- PROVIDED DATA:
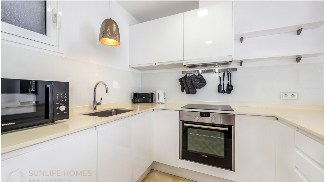
Moderne, voll ausgestattete Küche
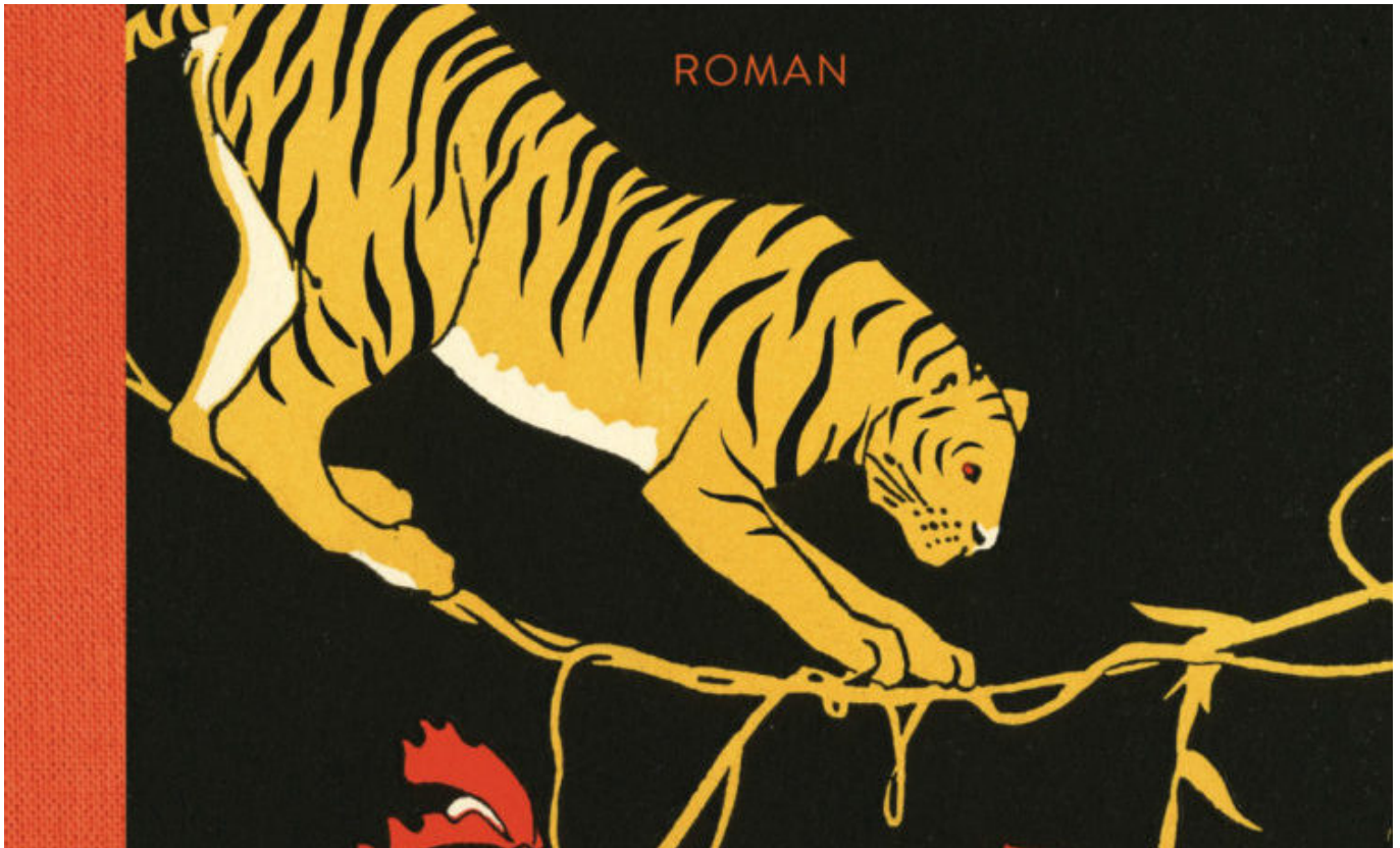
Buchcover-Ausschnitt „Nachttiger“ von Yangsze Choo

Malaysia: Der Roman „Nachttiger“ spielt in British-Malaya und führt tief in die multiethnische Gesellschaft unter britischer Kolonialherrschaft. Auf der Suche eines Jungen nach einem verlorenen Finger kommt es zu merkwürdigen Todesfällen. War es ein Tiger? Oder doch ein Geisterwesen?

- WHAT YOU SHOULD DO: Exactly as written above, print every line of the data but not its pictures.

- WRITTEN SOLUTION:
Moderne, voll ausgestattete Küche
Buchcover-Ausschnitt „Nachttiger“ von Yangsze Choo

Malaysia: Der Roman „Nachttiger“ spielt in British-Malaya und führt tief in die multiethnische Gesellschaft unter britischer Kolonialherrschaft. Auf der Suche eines Jungen nach einem verlorenen Finger kommt es zu merkwürdigen Todesfällen. War es ein Tiger? Oder doch ein Geisterwesen?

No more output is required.